Pas de panique à Boston

  |  Jean-François Chaumont  |  Radio-Canada

Bonjour à tous,

Comme vous le savez probablement, les Bruins n'ont pas le début de saison souhaité avec seulement deux victoires en cinq matchs. Il ne s'agit pas d'un départ catastrophique, mais nous ne jouons pas à la hauteur de notre potentiel.

Il y a eu des hauts et des bas au cours de nos cinq matchs qui ont tous eu lieu à Boston. De nos trois revers, nous avons subi deux dégelées de 4-1 (Washington) et 6-1 (Anaheim). Quand nous perdons, nous donnons tout simplement la victoire à nos rivaux. C'est assez frustrant.

Contre les Capitals et les Ducks, nous n'avons joué que 20 petites minutes. J'ignore pourquoi, mais nous ne sommes pas assez agressifs. On ne joue pas du hockey à l'image des Bruins de Boston.

Malgré ce lent départ, je suis convaincu que nous trouverons le moyen de nous relever rapidement. Le seul match où nous avons vraiment joué notre style, nous avons renversé les Hurricanes de la Caroline 7-2.

Honnêtement, il n'y a pas de panique à Boston. Il y a trop de talent et de meneurs dans cette équipe.
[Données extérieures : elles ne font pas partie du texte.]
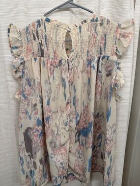 Hayden LA Cream Top w Blush Pink & Dusty Blue Watercolor Ruffle sleeve 1XL NWT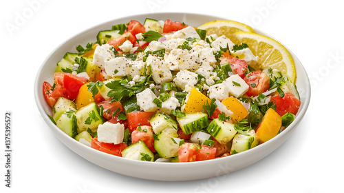 Fresh Shopska Salad with Cucumbers, Tomatoes, Peppers, and Feta Cheese Garnished with Lemon Slices

Nous vivons un phénomène assez courant en ce début d'année. Après une grosse saison, c'est souvent difficile l'année suivante. Les autres équipes te respectent plus et elles veulent te battre. J'ai vécu la même situation l'an dernier avec le Canadien.

Quatre passes

Steve Bégin Shawn Thornton, Byron Bitz et Steve Bégin   © PC/AP Photo/Michael Dwyer

Sur une note personnelle, je connais de bons moments à mes premiers pas dans l'uniforme des Bruins. J'ai récolté quatre passes et Claude Julien me fait confiance en désavantage numérique.

Je joue au sein du quatrième trio avec deux ailiers robustes, Shawn Thornton et Byron Bitz. Je ne peux vraiment pas me plaindre de mon utilisation. On me confie un rôle qui cadre bien avec mon style de jeu.

Au cours des derniers jours, les Bruins ont offert une prolongation de contrat de trois ans à Milan Lucic. Je ne vous surprendrai pas en vous disant qu'il s'agit d'un très bon coup.

Lucic est un morceau important du casse-tête des Bruins et il a le respect de ses coéquipiers. Je n'ai pas besoin de vous parler trop longtemps de lui, car vous le connaissez assez bien à Montréal.

D'ici ma prochaine chronique, je suis convaincu que nous aurons grimpé au classement. Nous disputerons nos deux prochains matchs sur la route, à Dallas et à Phoenix. Ce court voyage arrive selon moi à un bon moment.